The competitiveness for the top spot oftentimes leads to the lack of collaboration between female rappers. At the same time, conflicted fans feel like they have to choose a side between their favorite rappers further dividing progression for women in hip hop.


For a female rapper in a male dominated genre, it could be a difficult task finding mainstream attention. Sure, you get rappers like Nicki Minaj and Cardi B that have maintained success on the Billboard charts by balancing their femininity and sexuality with their various skills on the microphone. 


But for every Megan Thee Stallion, that recieves mainstream praise for her skills on the mic as well as being a sex symbol, there is a Lekeli47 that is just as talented, but will not achieve the same attention for their skills. This is due to them focusing more on the art form of rap than displaying their sex appeal. One rapper that falls into that category is Rapsody.

On August 23, 2019, Rapsody released her album, “Eve”. What makes this album noteworthy from the North Carlonian signed to Roc Nation is that every song on the 16 track album is dedicated to other women that have inspired Rapsody. By paying respect and showing solidarity with the women that came before her, like Nina Simone in “Nina” and Maya Angelou in “Maya”, Rapsody bridges hip hop with women’s history.


The album also has features from prominent women in hip hop like, the aforementioned Lekeli47 on “Oprah” and Queen Latifah on “Hatshepsut”, who was the first female pharaoh of Egypt. By bridging the gap for female rappers, both past and present, Rapsody is doing her part to prove that collaboration often leads to both artists bringing the best out of each other. 


With women’s suffrage movement approaching its 100 year anniversary, which gave them the right to vote, Rapsody echoes that support as a rapper in the music industry. 

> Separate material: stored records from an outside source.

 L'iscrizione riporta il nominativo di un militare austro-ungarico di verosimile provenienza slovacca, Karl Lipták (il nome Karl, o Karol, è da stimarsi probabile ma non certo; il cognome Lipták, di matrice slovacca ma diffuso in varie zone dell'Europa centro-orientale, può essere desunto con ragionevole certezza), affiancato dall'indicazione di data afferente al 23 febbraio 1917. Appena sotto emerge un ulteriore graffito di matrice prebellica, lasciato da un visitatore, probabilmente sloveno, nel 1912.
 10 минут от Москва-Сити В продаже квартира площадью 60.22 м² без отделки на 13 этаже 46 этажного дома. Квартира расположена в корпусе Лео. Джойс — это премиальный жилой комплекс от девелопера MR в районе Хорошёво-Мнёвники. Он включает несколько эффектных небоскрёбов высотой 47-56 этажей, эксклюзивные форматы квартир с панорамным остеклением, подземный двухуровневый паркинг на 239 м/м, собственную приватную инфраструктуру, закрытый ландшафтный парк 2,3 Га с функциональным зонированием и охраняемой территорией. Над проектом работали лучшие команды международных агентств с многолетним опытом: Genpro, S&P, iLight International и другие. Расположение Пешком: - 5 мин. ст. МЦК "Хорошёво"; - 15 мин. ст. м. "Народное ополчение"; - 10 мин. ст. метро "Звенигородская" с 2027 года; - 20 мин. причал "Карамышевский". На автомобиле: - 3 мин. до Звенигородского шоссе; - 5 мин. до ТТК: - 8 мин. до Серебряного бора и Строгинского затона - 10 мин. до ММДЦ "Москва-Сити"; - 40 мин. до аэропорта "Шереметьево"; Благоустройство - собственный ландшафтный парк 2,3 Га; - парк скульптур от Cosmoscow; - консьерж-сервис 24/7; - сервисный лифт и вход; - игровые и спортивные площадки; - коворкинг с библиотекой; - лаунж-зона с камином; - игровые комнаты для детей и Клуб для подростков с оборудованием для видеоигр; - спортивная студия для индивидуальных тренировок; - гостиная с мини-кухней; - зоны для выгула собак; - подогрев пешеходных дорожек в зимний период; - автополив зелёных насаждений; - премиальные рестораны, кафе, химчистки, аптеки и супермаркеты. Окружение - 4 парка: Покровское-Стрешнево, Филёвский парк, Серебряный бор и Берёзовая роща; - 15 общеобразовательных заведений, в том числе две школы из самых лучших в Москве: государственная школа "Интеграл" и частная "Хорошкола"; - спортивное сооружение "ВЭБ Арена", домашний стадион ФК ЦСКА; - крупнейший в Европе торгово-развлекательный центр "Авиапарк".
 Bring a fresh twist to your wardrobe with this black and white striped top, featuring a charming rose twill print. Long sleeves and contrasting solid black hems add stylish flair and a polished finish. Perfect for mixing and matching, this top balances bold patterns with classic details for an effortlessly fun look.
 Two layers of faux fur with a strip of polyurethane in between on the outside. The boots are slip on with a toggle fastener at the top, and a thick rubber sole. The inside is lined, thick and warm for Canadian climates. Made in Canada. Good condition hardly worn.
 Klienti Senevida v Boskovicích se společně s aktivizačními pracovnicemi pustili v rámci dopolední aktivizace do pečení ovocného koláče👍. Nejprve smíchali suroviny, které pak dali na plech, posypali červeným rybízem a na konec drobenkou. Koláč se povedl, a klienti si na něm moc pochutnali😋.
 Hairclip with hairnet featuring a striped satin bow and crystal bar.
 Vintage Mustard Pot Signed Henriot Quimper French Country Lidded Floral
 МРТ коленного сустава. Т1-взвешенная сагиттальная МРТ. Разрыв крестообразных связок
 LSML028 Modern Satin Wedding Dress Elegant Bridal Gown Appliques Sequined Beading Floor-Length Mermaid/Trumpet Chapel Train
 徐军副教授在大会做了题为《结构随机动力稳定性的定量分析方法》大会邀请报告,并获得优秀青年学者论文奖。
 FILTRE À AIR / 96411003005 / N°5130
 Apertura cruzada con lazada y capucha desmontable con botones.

A standout track from the album is “Cleo”. The song is named after Queen Latifah’s character in the film “Set it Off”, who was notorious for her “take no prisoners” attitude. Featuring a sample from Phil Collins’, “In the Air Tonight” heard throughout the track, Rapsody expresses her frustration and struggles that comes from being an outlier in the music industry. 


A notable line in the song comes around the 1:11 mark when Rapsody says “ Be careful the validations y’all seek…I been in those offices, they don’t look like you and me”. By showing the disconnect between a record label and a black woman in hip hop, Rapsody is speaking on behalf of rappers that have often been overlooked historically.


My favorite song from the album is “Iman” featuring SiR & J.I.D. The song is named after the iconic supermodel that was once quoted as “broadening the definition of beauty” by the Washington Post. Growing up in Somali, Iman was famous in the 1970’s for being the muse for designers like Calvin Klein, Donna Karan and Gianni Versace. Besides her slender frame, what made her stand out was her darker skin complexion as well as her strong exotic accent. 


In the song, the trio pays respect to the various shapes and complexions of black women that are often disrespected by mainstream media. By shattering the stereotype of a female rapper having to wear revealing clothing to be considered beautiful, Rapsody is able to showcase her beauty through her outspokenness and social awareness. 


Singer, SiR, comes in smoothly on the chorus of the track when he sings on the track, “dark skinned and them brown eyes and that ooh…shine before the sun rise, love so hard to come by”. For women that have a darker skin complexion, the song serves as a reminder that being black is still considered beautiful.


Regarded as one of the biggest snubs during this year’s Grammy season, “Eve” will be remembered as a classic rap album from the perspective of one of the most talented rappers in the genre, who just happens to be a woman. 


Although it lacked the attention that it deserves upon its release, history will hopefully preserve the excellence of this album, serving as a footnote for the evolution of women in the rap game.